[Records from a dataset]
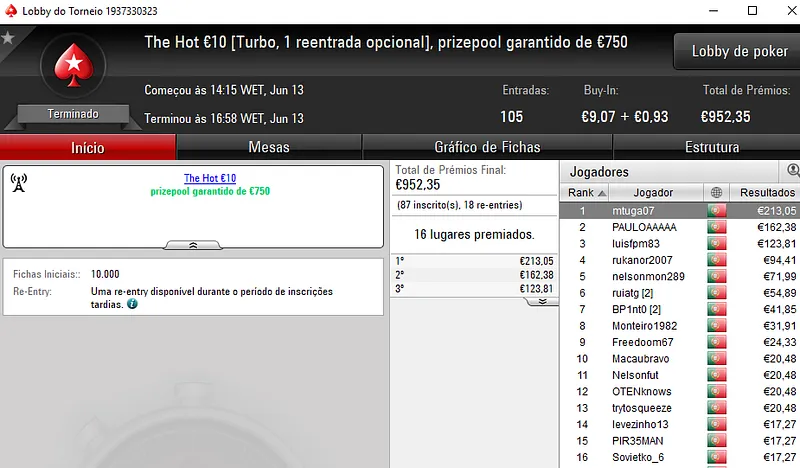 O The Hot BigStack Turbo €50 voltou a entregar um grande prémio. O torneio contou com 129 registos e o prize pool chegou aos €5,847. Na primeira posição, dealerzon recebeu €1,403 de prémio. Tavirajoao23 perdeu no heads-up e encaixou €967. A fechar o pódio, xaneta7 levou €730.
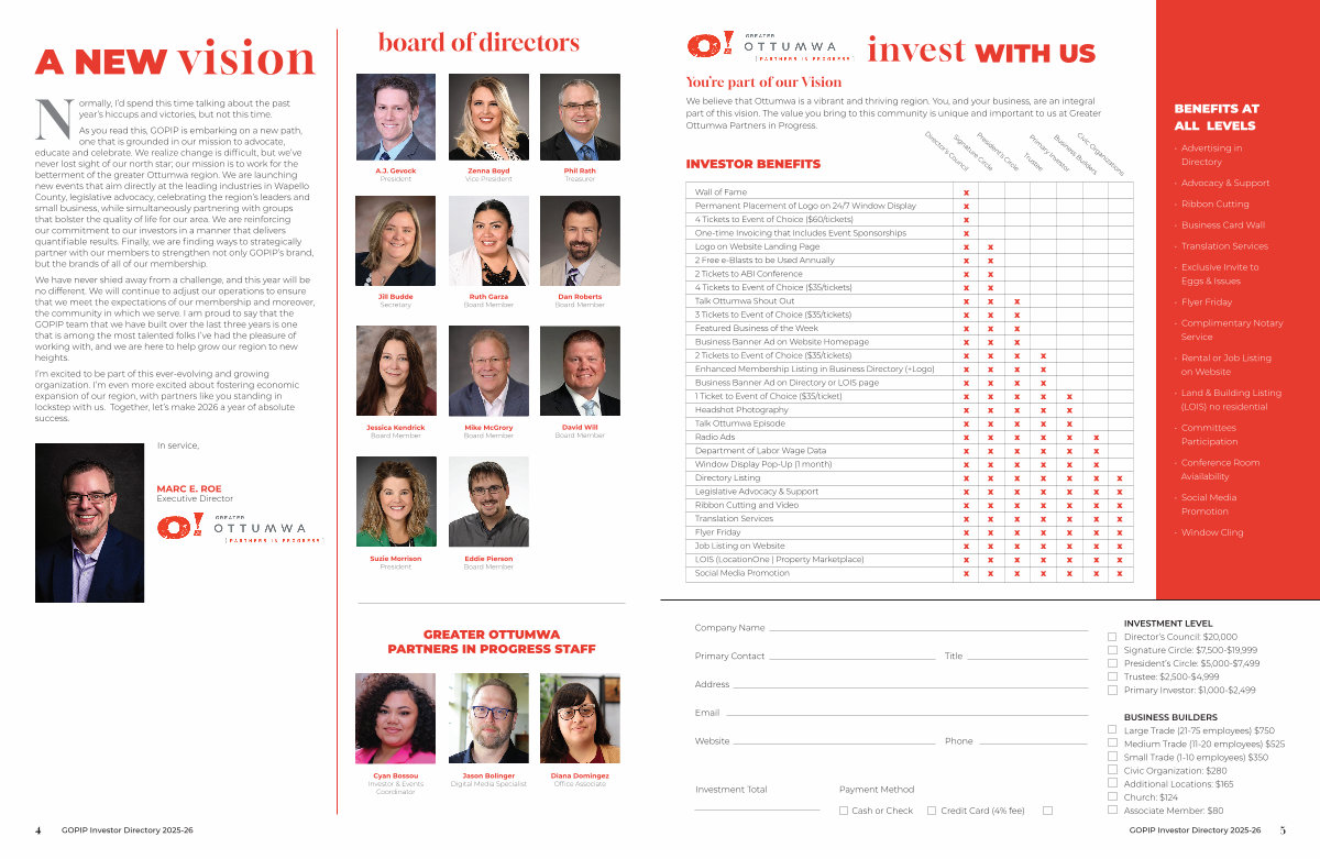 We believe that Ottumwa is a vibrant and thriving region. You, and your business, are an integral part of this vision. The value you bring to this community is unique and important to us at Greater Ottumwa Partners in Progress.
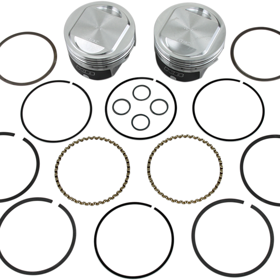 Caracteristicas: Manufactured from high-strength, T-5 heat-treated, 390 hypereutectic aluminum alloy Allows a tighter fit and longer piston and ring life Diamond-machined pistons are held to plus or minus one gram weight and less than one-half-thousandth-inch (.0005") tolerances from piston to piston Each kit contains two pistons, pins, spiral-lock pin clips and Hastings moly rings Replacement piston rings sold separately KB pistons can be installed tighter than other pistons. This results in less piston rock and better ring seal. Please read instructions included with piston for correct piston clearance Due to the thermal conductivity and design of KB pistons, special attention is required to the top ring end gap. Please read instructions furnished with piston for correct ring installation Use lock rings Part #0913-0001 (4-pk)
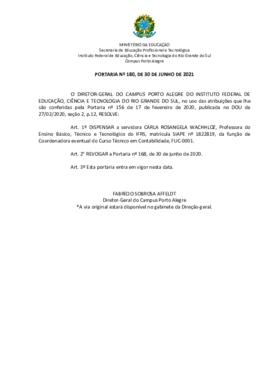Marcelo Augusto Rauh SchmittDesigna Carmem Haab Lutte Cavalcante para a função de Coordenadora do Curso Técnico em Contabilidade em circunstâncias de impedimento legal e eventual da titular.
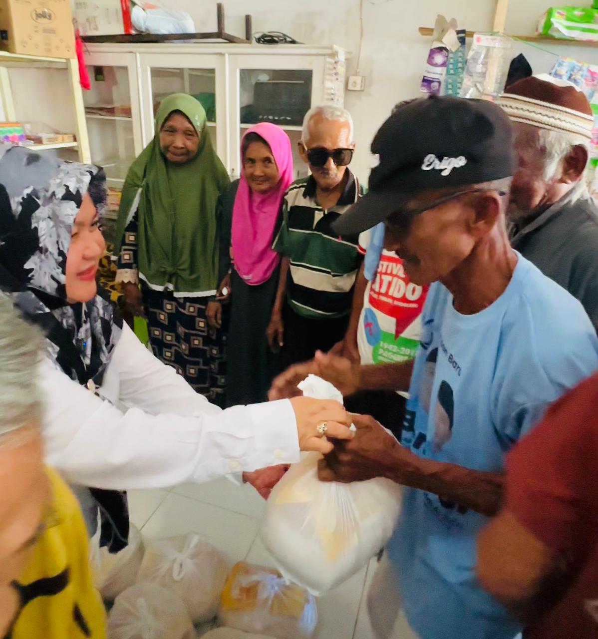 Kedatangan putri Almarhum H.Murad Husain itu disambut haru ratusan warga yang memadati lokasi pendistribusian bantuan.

**REQUIREMENT**
Repeat, exactly and in full, each line from the start of the data to the line that contains "We believe that". Pictures do not go in.

**RESPONSE AREA**
 O The Hot BigStack Turbo €50 voltou a entregar um grande prémio. O torneio contou com 129 registos e o prize pool chegou aos €5,847. Na primeira posição, dealerzon recebeu €1,403 de prémio. Tavirajoao23 perdeu no heads-up e encaixou €967. A fechar o pódio, xaneta7 levou €730.
 We believe that Ottumwa is a vibrant and thriving region. You, and your business, are an integral part of this vision. The value you bring to this community is unique and important to us at Greater Ottumwa Partners in Progress.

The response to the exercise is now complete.